**DATA FOR ANALYSIS:**

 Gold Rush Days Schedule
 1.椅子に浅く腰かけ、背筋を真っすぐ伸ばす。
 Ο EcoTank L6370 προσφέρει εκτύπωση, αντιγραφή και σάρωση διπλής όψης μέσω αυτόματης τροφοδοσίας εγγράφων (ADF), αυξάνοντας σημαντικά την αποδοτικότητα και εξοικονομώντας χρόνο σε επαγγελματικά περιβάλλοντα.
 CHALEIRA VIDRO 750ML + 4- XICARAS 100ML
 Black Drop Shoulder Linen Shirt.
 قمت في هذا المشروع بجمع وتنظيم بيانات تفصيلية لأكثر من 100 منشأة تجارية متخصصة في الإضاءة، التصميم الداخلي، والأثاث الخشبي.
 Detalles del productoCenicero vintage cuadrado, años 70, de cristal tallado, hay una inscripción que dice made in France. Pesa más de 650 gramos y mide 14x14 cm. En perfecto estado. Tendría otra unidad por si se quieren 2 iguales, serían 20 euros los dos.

==

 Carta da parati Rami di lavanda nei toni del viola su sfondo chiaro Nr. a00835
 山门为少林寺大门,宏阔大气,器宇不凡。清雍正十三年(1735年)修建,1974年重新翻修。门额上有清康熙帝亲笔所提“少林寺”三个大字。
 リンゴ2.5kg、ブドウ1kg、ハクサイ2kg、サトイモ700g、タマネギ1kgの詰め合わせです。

...

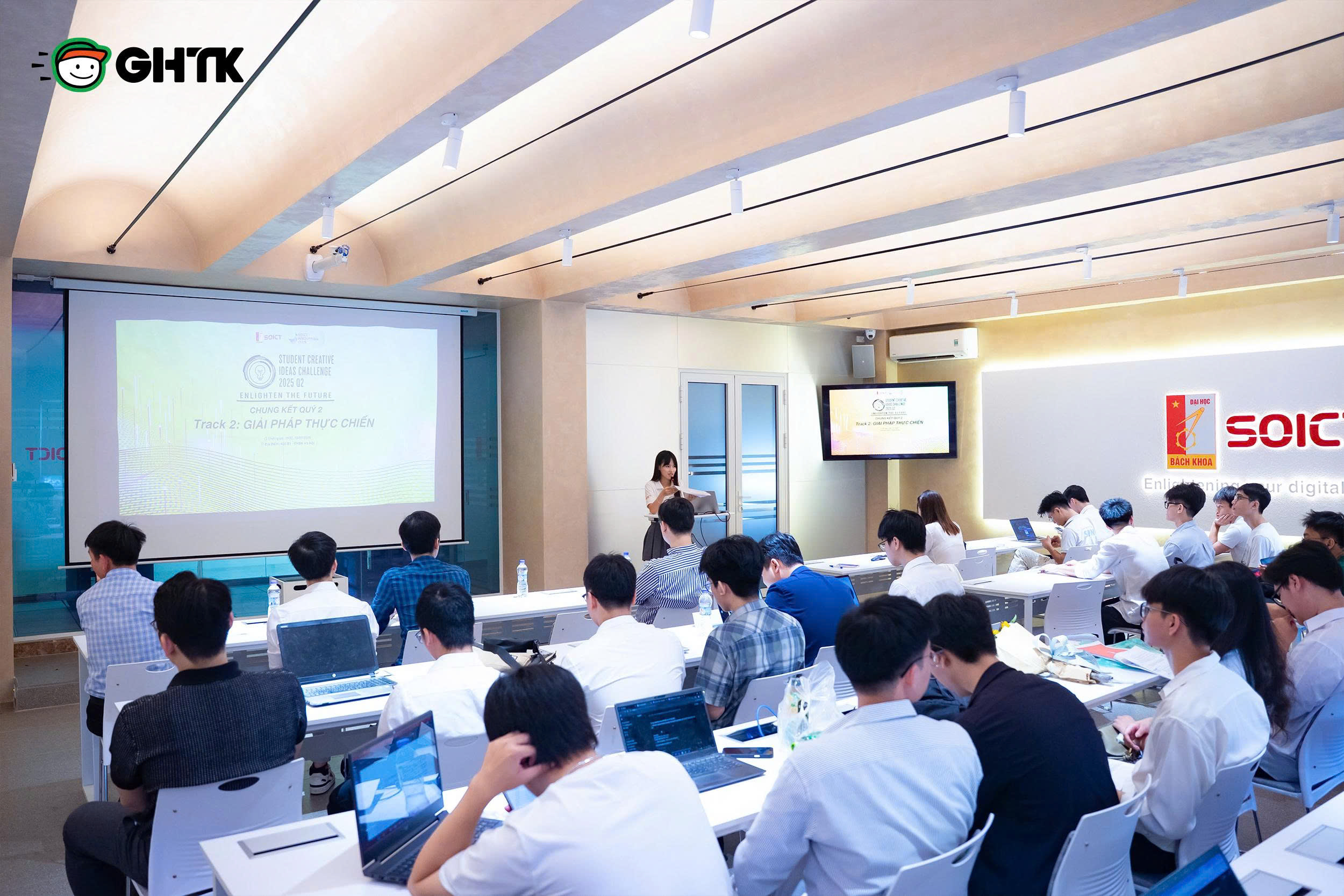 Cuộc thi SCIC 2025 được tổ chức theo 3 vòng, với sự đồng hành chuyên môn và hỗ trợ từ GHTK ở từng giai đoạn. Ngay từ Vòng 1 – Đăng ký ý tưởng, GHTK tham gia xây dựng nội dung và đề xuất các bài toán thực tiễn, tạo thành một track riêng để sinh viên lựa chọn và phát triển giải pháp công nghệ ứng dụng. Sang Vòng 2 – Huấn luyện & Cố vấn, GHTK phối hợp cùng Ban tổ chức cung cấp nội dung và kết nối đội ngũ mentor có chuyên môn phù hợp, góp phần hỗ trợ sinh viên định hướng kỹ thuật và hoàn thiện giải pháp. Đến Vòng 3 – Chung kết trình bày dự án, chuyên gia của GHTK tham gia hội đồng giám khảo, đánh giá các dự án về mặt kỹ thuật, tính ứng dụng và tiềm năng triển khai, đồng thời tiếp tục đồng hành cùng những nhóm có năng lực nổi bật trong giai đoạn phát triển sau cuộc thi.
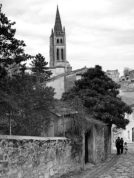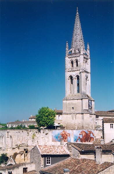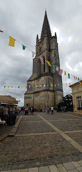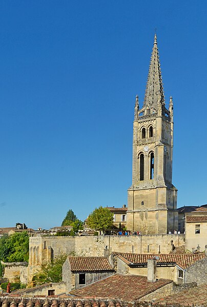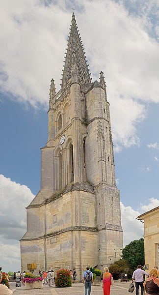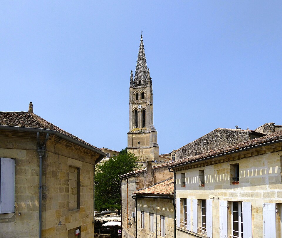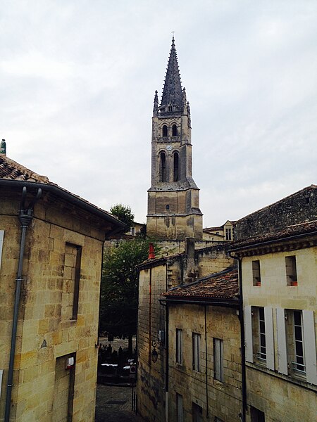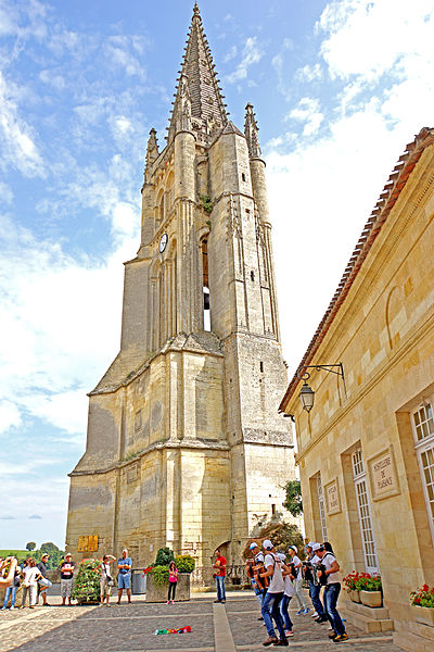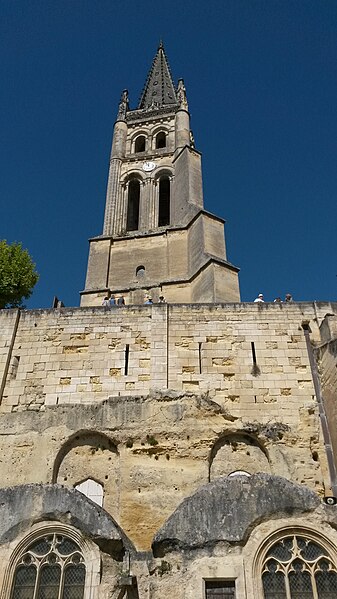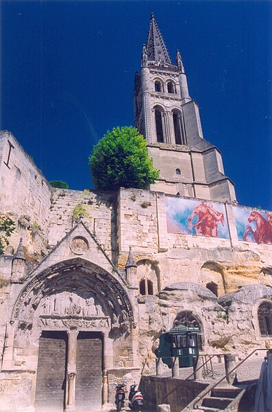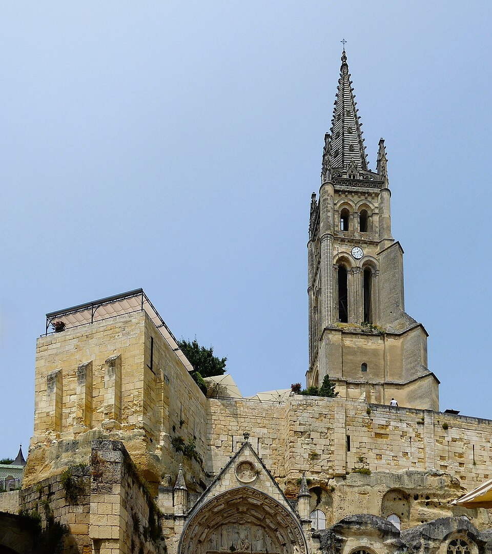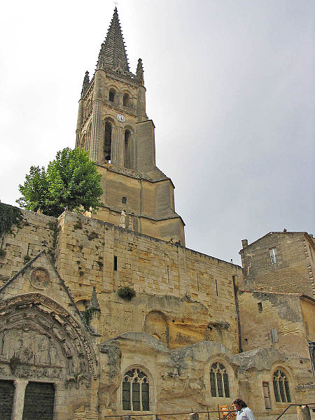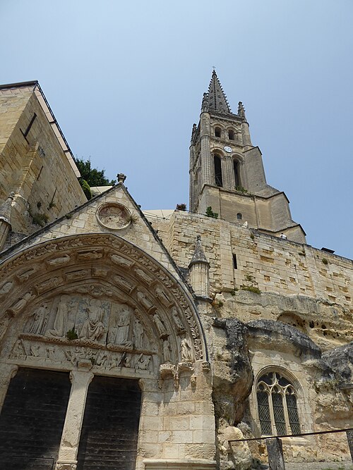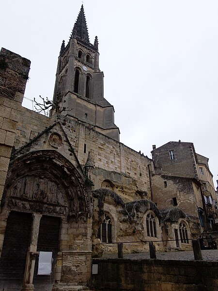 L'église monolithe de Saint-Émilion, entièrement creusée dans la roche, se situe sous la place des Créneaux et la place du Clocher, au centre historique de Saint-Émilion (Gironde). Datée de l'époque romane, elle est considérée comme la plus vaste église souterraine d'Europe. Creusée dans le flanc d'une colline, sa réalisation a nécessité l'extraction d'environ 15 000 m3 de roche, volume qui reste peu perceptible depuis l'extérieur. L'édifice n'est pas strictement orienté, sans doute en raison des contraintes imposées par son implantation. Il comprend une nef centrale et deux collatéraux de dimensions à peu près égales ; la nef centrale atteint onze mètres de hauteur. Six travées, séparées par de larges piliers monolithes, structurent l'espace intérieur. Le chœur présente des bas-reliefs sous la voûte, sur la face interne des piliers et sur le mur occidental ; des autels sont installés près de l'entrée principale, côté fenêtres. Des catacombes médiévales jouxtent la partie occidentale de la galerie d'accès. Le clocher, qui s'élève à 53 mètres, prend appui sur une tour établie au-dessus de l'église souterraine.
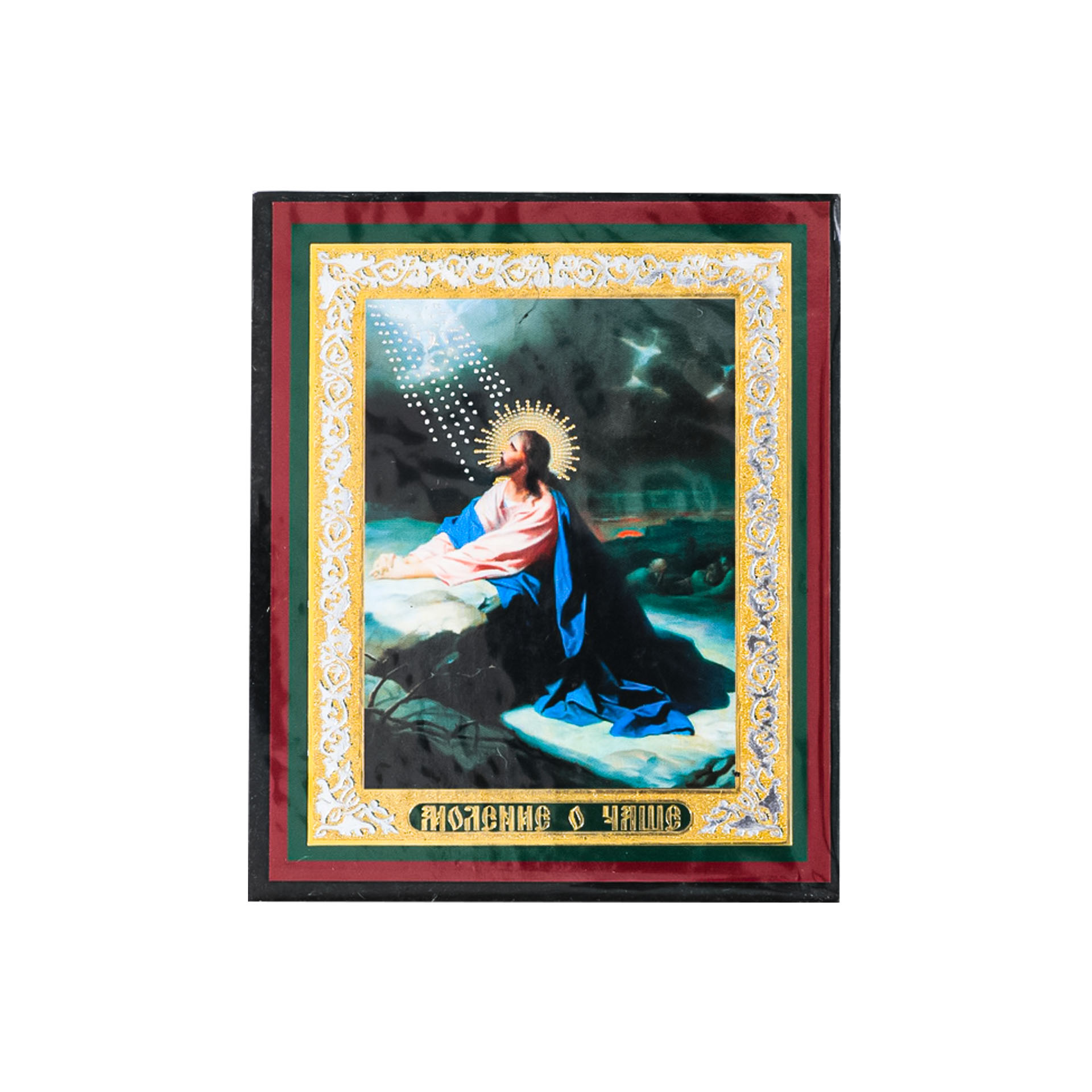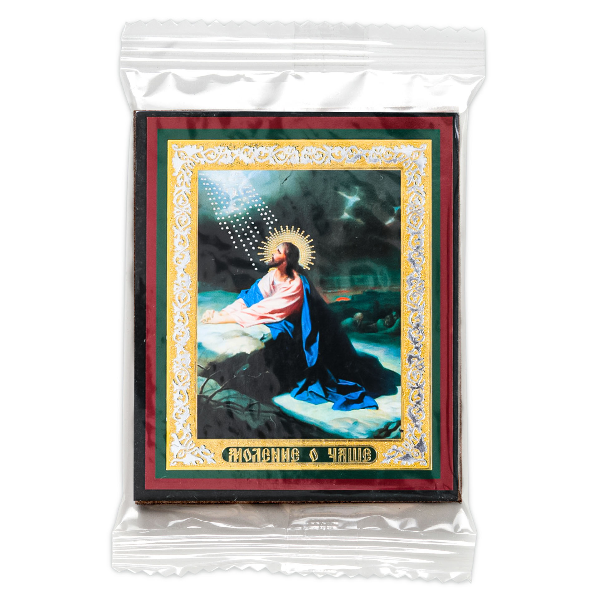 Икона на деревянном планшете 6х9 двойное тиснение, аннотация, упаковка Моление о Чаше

**EXERCISE DIRECTIONS:**
Take exactly the lines from the one containing "Gold Rush Days Schedule" through the one containing "CHALEIRA VIDRO 750ML + 4- XICARAS 100ML" in the data above, and output them with nothing added.

**COMPLETED TASK:**
 Gold Rush Days Schedule
 1.椅子に浅く腰かけ、背筋を真っすぐ伸ばす。
 Ο EcoTank L6370 προσφέρει εκτύπωση, αντιγραφή και σάρωση διπλής όψης μέσω αυτόματης τροφοδοσίας εγγράφων (ADF), αυξάνοντας σημαντικά την αποδοτικότητα και εξοικονομώντας χρόνο σε επαγγελματικά περιβάλλοντα.
 CHALEIRA VIDRO 750ML + 4- XICARAS 100ML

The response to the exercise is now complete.